Tanto Juan Ramón de la Fuente como Narro sabían que el tema de las cuotas podía provocar movimientos internos, sobre todo estudiantiles, a cambio de un porcentaje insustancial en el presupuesto de la universidad. Ya se habían dado los movimientos inducidos por Carpizo (1985-1989) y Barnés (1997-1999), de graves consecuencias para la estabilidad y desarrollo de la máxima casa de estudios. La OCDE, por su lado, había publicado en 2000 un documento titulado Knowledge management in the learning society, y en él se mencionaba la importancia del conocimiento para las economías de mercado, así como los tipos de conocimiento que habrían de destacarse para la innovación y la productividad, especialmente para ésta. En el texto se afirmaba, además, que había llegado la hora de administrar “racionalmente” los conocimientos y su difusión, y revisar sustancialmente lo que hacían y cómo lo hacían los sistemas educativos y las universidades, es decir, despojar a las universidades públicas de su autonomía (entendida ésta como gobierno y normatividad propios y libertad de cátedra y de investigación). La orientación, obviamente, era pragmática, es decir, sin importar las condiciones de cada país ni las tradiciones de sus universidades. La idea de la OCDE era y es simple y fácil de entender: el conocimiento es un producto que se vende y se compra en los mercados y, por lo mismo, la racionalidad de las universidades debía (y debe) subordinarse a la de las empresas, muy al estilo estadunidense. Como tema complementario a esta óptica, la misma OCDE y el Banco Mundial venían insistiendo en la necesidad de que los estudiantes pagaran por aprender, es decir que se abandonara la gratuidad de las universidades públicas (como ocurre también en Estados Unidos y en la casi totalidad de las existentes en México) y que los gobiernos dejaran de subsidiar la educación.
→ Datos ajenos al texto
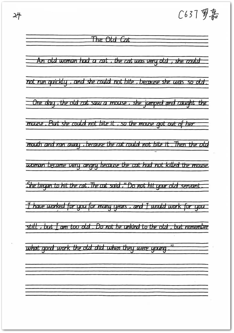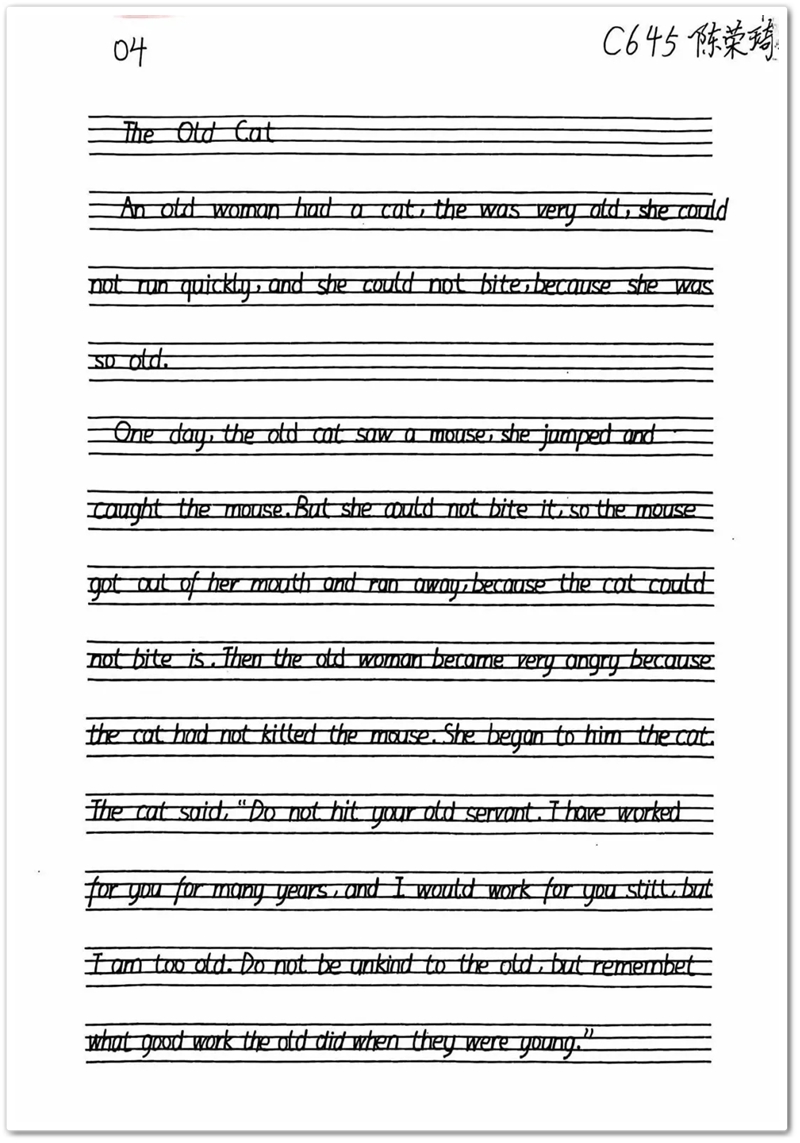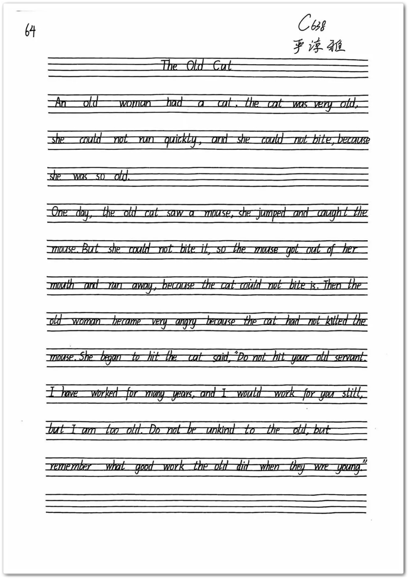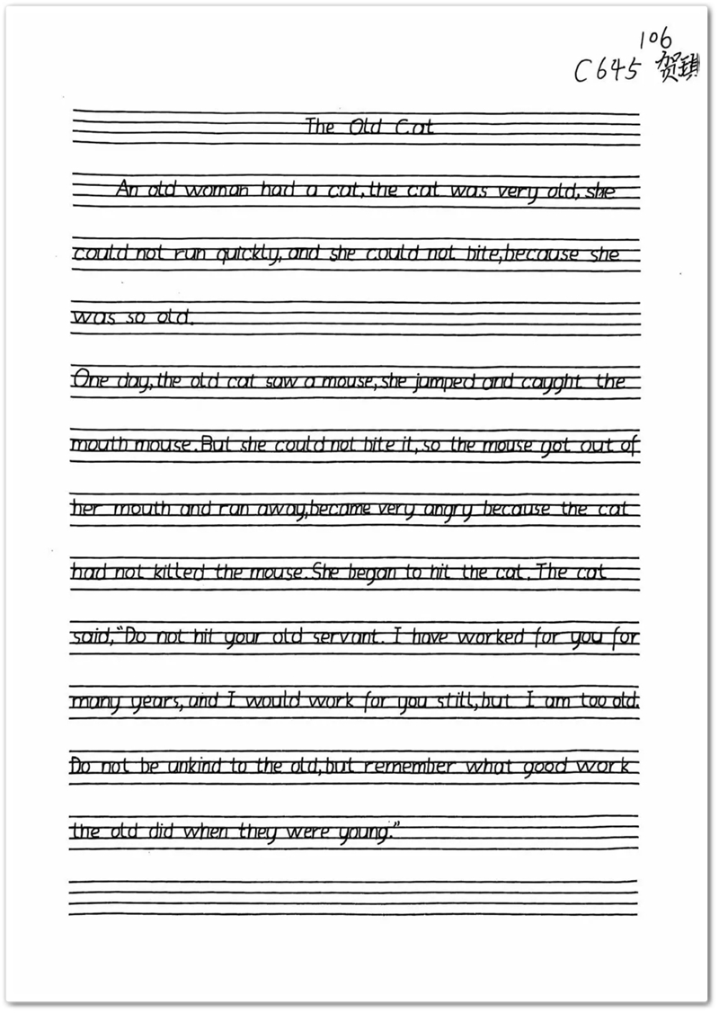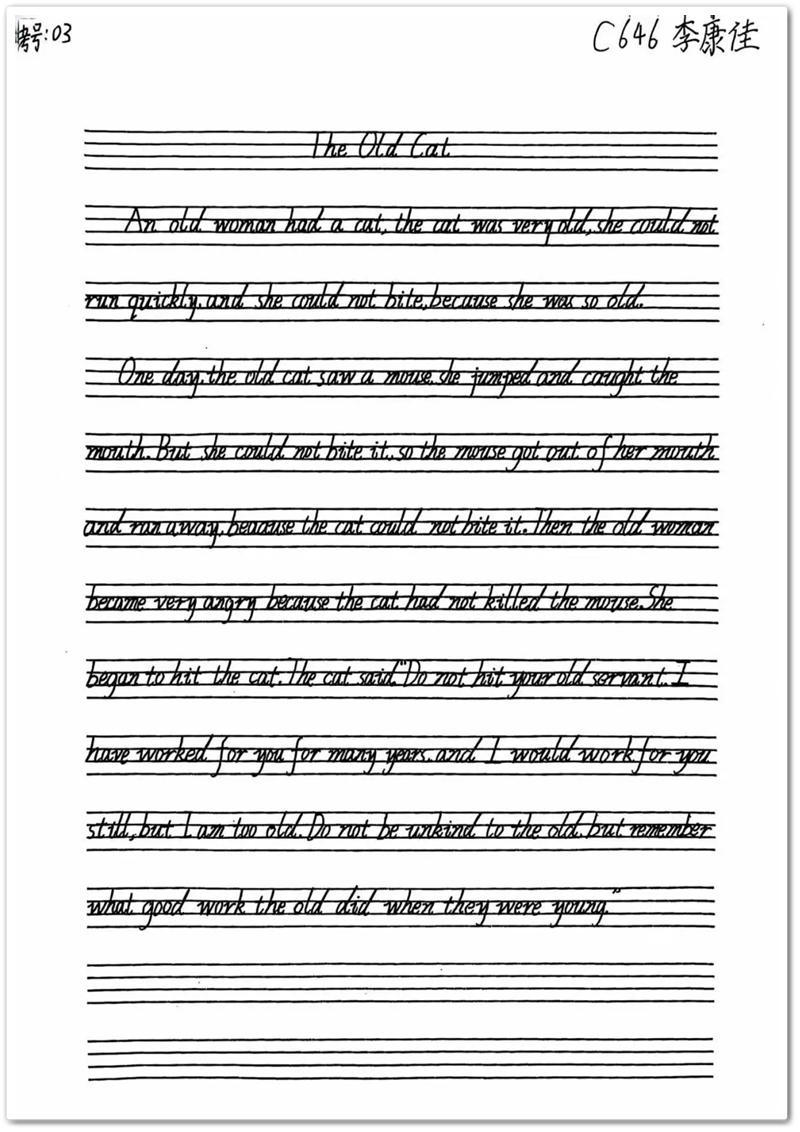 正确的英文书写是英语学习的最基本要求。良好的书写习惯不仅有助于提高学生的书写水平,培养学生的毅力、恒心和审美意识,一手好的英文字体还能对成绩产生积极影响。

De la Fuente y Narro demostraron que no sólo se podía desarrollar la universidad con cuotas simbólicas (gratuidad de facto) sino que ésta podía engrandecerse y convertirse en una de las mejores de América Latina y de otros continentes. Enrique Graue, el nuevo rector designado, está en la misma frecuencia que sus antecesores y ha declarado enfáticamente (algo que no hicieron todos los aspirantes) que defenderá la gratuidad de la universidad, por lo que no considera el cobro de cuotas entre sus proyectos. Igualmente, como tenía que ser, expresó que sería un defensor de su autonomía.

Yo apoyé la idea de que el próximo rector fuera de ciencias sociales (pues con éstas me identifico) pero, según la información disponible, la Junta de Gobierno parece haber tomado una decisión muy sensata: proteger la autonomía evitando polarizaciones políticas, que en estos momentos y los que vienen serían riesgosos para la UNAM, pues la estabilidad del país no parece ser su característica principal. Es cierto que de 1961 a la fecha la Universidad Nacional ha sido encabezada por cinco médicos (Chávez, Soberón, Rivero, De la Fuente y Narro), pero debe reconocerse que en general los cinco han apoyado el desarrollo de la ciencias sociales y las humanidades y que, por lo menos tres de ellos, han sido grandes rectores, como también lo fueron Barros Sierra (ingeniero) y González Casanova (sociólogo). Es muy probable que Enrique Graue tuviera razón al afirmar que “en la rectoría no se actúa como médico. Se actúa como universitario, no creo que tenga que ver ni el género, ni la profesión ( El País, 7/10/15).

Con enorme simpatía aprovecho este espacio para expresar, como viejo universitario, mi reconocimiento a José Narro por su papel como rector, y hago votos por que Enrique Graue pueda realizar los proyectos que hasta ahora ha esbozado. Sin restar méritos a los otros candidatos, pienso que el nuevo rector continuará el fortalecimiento de la UNAM que todos queremos.